Task requirements
The listing must be copied out in full and exactly; no images go with it.

Provided records
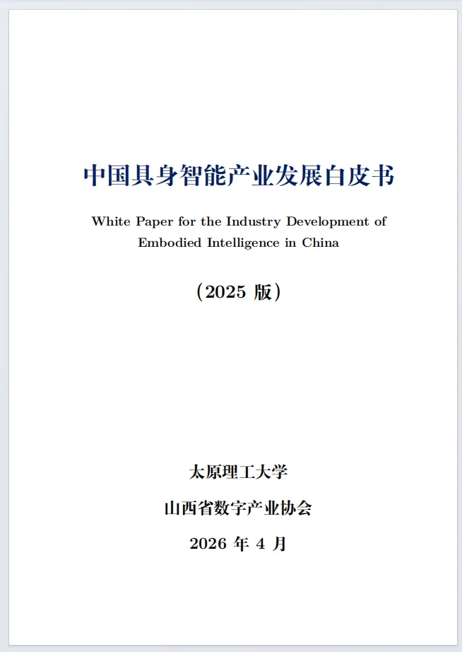 《中国具身智能行业应用白皮书(2025版)》由太原理工大学、山西省数字产业协会联合编制,系统梳理中国具身智能产业全景。报告明确具身智能是新质生产力核心载体,已纳入国家“人工智能+”专项行动,确立2025年建创新体系、2027年达世界先进水平的双阶目标。
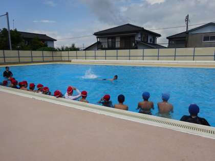 今日は、中学校の先生をお招きして、水泳教室を行いました。力を抜いてバタ足をする方法や、けのびのコツなど、細かい動き方まで教えていただきました。「前よりもちょっと泳げるようになった気がする!」「足を付けないで半分まで泳げたよ!」と自分の泳ぎに自信がついた様子が見られました。
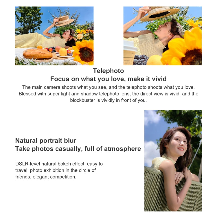 5. Photography function: Photo, video, night scene, professional, panorama, portrait, time-lapse photography, slow motion, super text, ultra-clear quality, movie, multi-view video, cute shot, AI ID photo; Front: Photo, video, panorama, portrait, night scene, time-lapse photography, multi-view video, cute shot, AI ID photo.
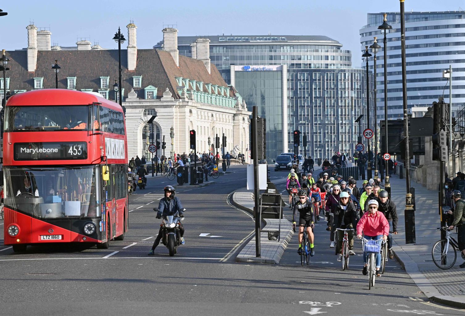 People ride bicycles as they cross Westminster Bridge into Parliament Square in London on Nov 7, 2020.
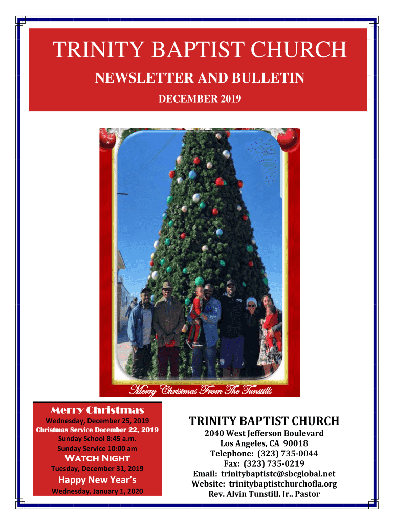 Merry Christmas Wednesday, December 25, 2019Christmas Service December 22, 2019Sunday School 8:45 a.m.
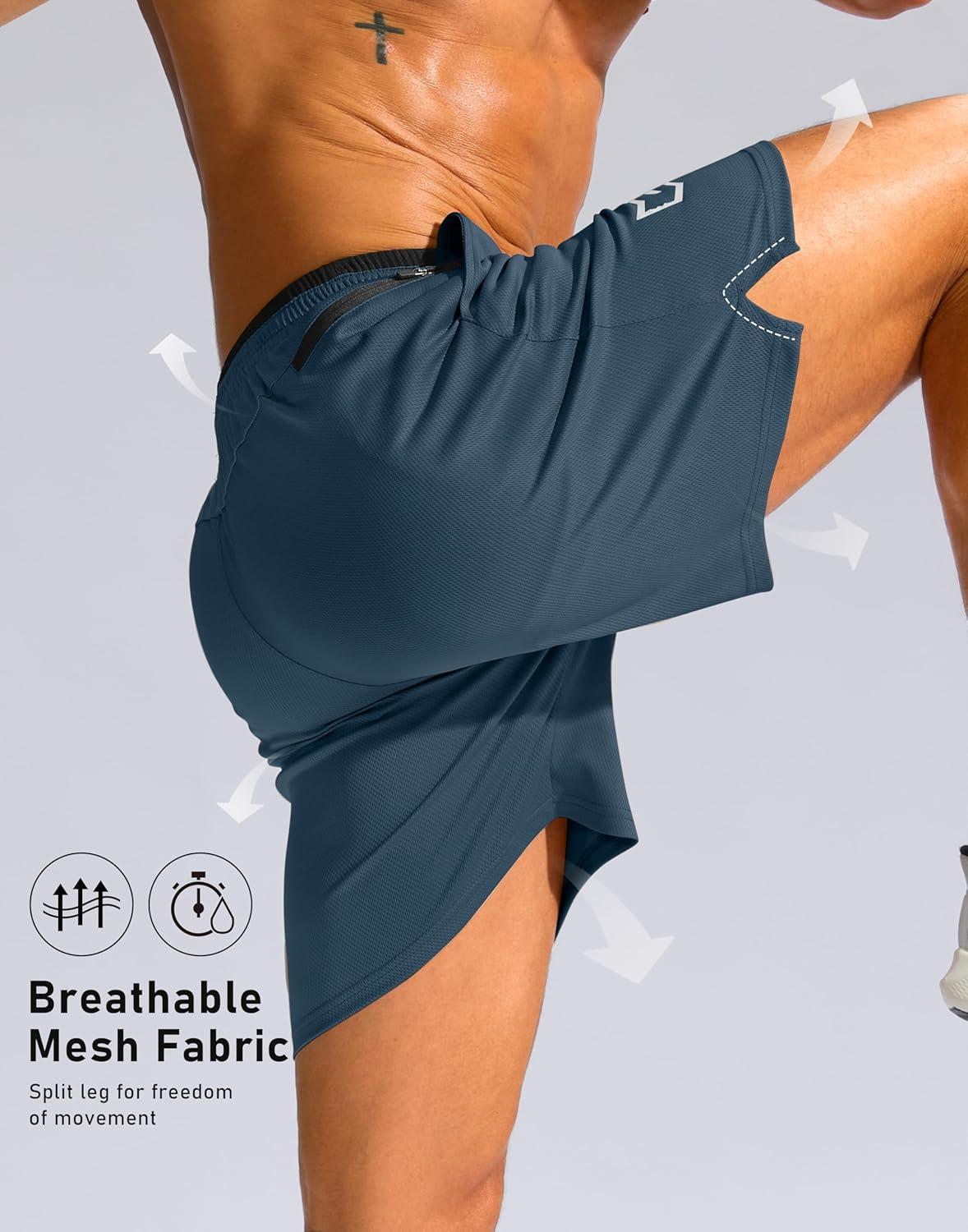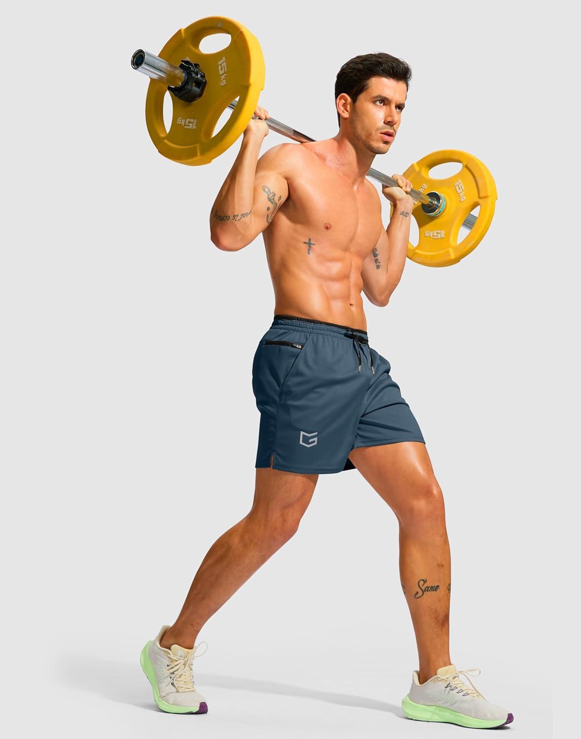G Gradual Men’s Running Athletic Shorts with Zipper Pocket 5″/ 7″ Lightweight Quick Dry Gym Workout Shorts for Tennis Active(Dusty Blue)

Output
 《中国具身智能行业应用白皮书(2025版)》由太原理工大学、山西省数字产业协会联合编制,系统梳理中国具身智能产业全景。报告明确具身智能是新质生产力核心载体,已纳入国家“人工智能+”专项行动,确立2025年建创新体系、2027年达世界先进水平的双阶目标。
 今日は、中学校の先生をお招きして、水泳教室を行いました。力を抜いてバタ足をする方法や、けのびのコツなど、細かい動き方まで教えていただきました。「前よりもちょっと泳げるようになった気がする!」「足を付けないで半分まで泳げたよ!」と自分の泳ぎに自信がついた様子が見られました。
 5. Photography function: Photo, video, night scene, professional, panorama, portrait, time-lapse photography, slow motion, super text, ultra-clear quality, movie, multi-view video, cute shot, AI ID photo; Front: Photo, video, panorama, portrait, night scene, time-lapse photography, multi-view video, cute shot, AI ID photo.
 People ride bicycles as they cross Westminster Bridge into Parliament Square in London on Nov 7, 2020.
 Merry Christmas Wednesday, December 25, 2019Christmas Service December 22, 2019Sunday School 8:45 a.m.
G Gradual Men’s Running Athletic Shorts with Zipper Pocket 5″/ 7″ Lightweight Quick Dry Gym Workout Shorts for Tennis Active(Dusty Blue)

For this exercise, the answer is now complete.